Get ready for a whole new experience at Salud Beer Shop in NoDa.

Maybe they should rename it Salud Beer-Pizza-Coffee-Breakfast-Wine Shop. So what if it doesn’t quite roll off the tongue?

Co-owner Jason Glunt has been busy making changes to the food prep area since February, when FuD at Salud’s Jeff McElwee migrated over to Queen City Grounds.

Salud’s new kitchen is just about ready for business, with a snazzy new tiled wall and a viewing window that looks from the bar into their brand-new wood-fired pizza oven — new to them anyway, after they secured it from the former Cosmos/Tavolo location in Uptown.

Fun fact: the location that once hosted 90s hot spot Cosmos, then later Italian restaurant Tavolo, is going to become a new Sabor Latin Street Grill.

Photo by Alex Cason
Salud Beer Shop’s head chef Teddy Spickler.

With a new kitchen at Salud comes a new menu and a new head chef, Teddy Spickler, who was previously serving as a bartender.

The food, with a heavy focus on Neapolitan pizzas with homemade dough, should be launching in just a few weeks — likely around Labor Day. Spickler said the menu will be Italian and South American inspired — no eclectic ingredients like pineapple or barbecue sauce on these pies.

Patrons will be able to enjoy pizzas with toppings including margherita with basil drizzle; prosciutto with arugula salad and lemon vinaigrette; or olive with local honey. Pizzas will include a vegan cheese option.

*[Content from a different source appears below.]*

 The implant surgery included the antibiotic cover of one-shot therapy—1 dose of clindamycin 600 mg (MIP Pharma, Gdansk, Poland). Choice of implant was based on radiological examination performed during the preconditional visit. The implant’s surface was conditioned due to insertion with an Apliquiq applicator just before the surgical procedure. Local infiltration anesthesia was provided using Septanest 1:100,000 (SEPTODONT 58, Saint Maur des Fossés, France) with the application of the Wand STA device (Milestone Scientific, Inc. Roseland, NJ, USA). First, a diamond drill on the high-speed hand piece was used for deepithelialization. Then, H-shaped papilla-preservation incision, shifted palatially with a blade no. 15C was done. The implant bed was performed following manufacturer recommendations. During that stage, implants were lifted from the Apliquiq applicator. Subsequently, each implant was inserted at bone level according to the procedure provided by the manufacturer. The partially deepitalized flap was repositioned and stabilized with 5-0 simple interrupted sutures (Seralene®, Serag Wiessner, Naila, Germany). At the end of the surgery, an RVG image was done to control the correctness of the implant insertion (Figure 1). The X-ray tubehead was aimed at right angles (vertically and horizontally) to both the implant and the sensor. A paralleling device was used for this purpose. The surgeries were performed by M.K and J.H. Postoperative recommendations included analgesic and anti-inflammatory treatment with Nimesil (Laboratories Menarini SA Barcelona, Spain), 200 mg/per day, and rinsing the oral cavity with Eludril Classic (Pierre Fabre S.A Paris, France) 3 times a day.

Additionally, a few salads will be offered, such as roasted beets with arugula, radicchio, gorgonzola and pistachios; and fennel with spring mix, citrus segments and mint. Appetizers will include charcuterie and cheese plates; hummus with cold roasted vegetables; and warm olives with anchovy, rosemary and lemon. Wood-fired sandwiches will be available during lunch hours.

Photo by Alex Cason
Michelada beer Bloody Mary

Sunday brunch will be served, which will pair well with the shop’s Micheladas, the beer-infused Bloody Marys they already offer.

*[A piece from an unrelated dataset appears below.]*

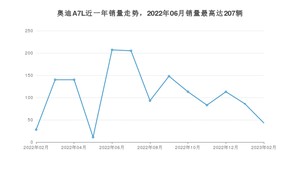 2023年2月,奥迪A7L销量为43辆,同比增长53.57%,环比下降50%。2022年02月-2023年02月份,奥迪A7L销量为1410辆,同比增长287.36%。

Speaking of morning eats, Trade and Lore on the second floor of the building is joining in on the food side as well. In addition to pastries, they will begin including daily breakfast options.

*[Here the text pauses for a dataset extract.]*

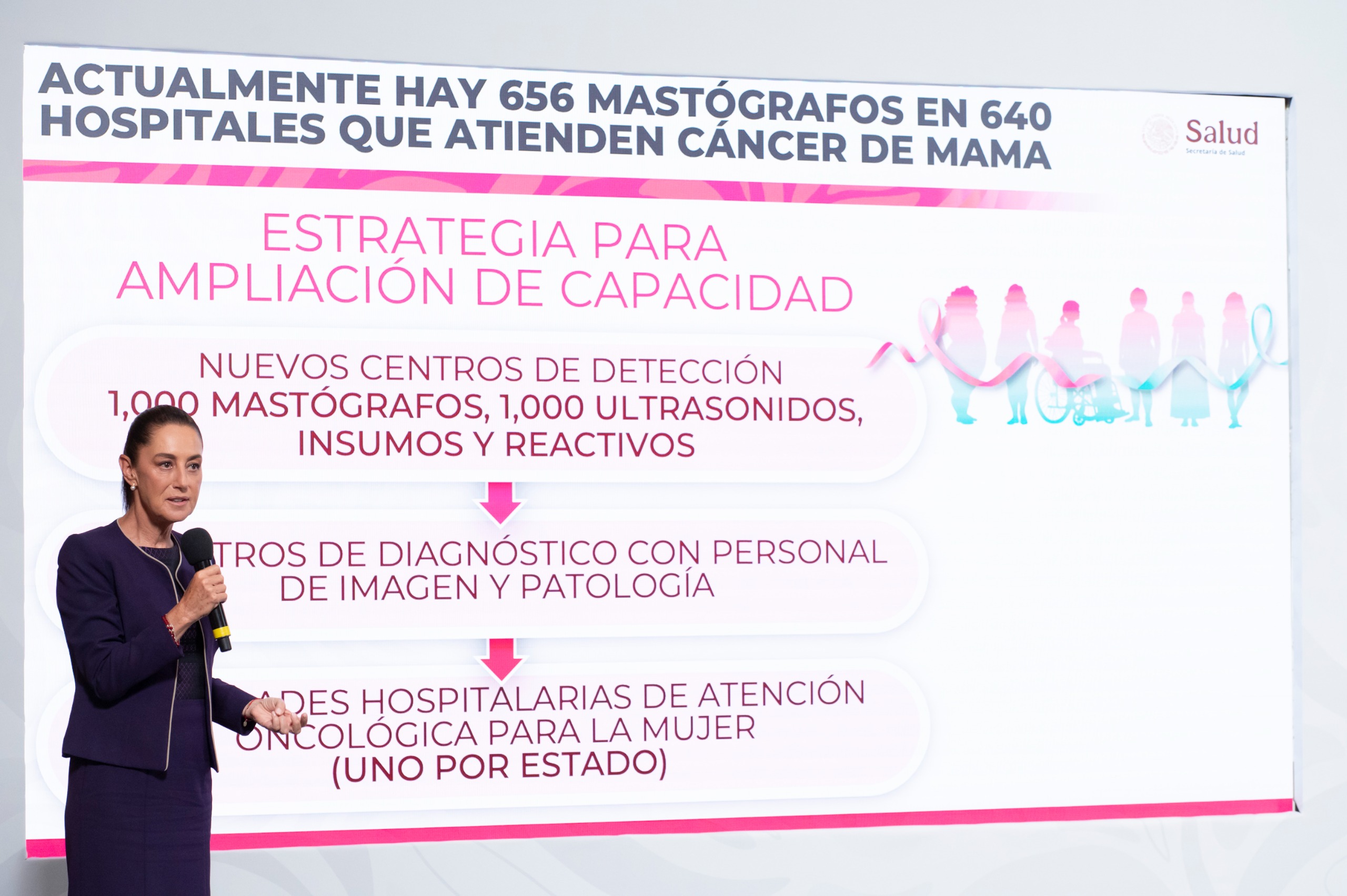 El plan incluye la adquisición de mil mastógrafos y mil ultrasonidos entre 2026 y 2027 —que se sumarán a los 656 equipos actualmente en operación en 640 hospitales del país—, además de la creación de 20 nuevos Centros de Diagnóstico y la construcción de 32 Unidades Hospitalarias de Atención Oncológica para la Mujer, una en cada estado.

Manager Caitlen Sellers said to expect homemade sourdoughs, grab-and-go options, and fresh produce — many of the Trade and Lore team members grow their own produce.

Photo by Alex Cason
Dustin Di Lorenzo

Over in the beer department, head brewer Dustin Di Lorenzo joined the team a few months ago from Newgrass Brewing Company in Shelby. He is working on bottling and canning beers; those will be rolled out over the next few months.

They are releasing a beer or two a month with a focus on sours, Berliners and pilsners.

“I like a good mix between loud and expressive beers and simple styles,” Di Lorenzo said. Expect brews with unique ingredients including Nilla Wafers, bananas and even butterfly pea flowers — which act as a natural food coloring and give beer a deep, purple color.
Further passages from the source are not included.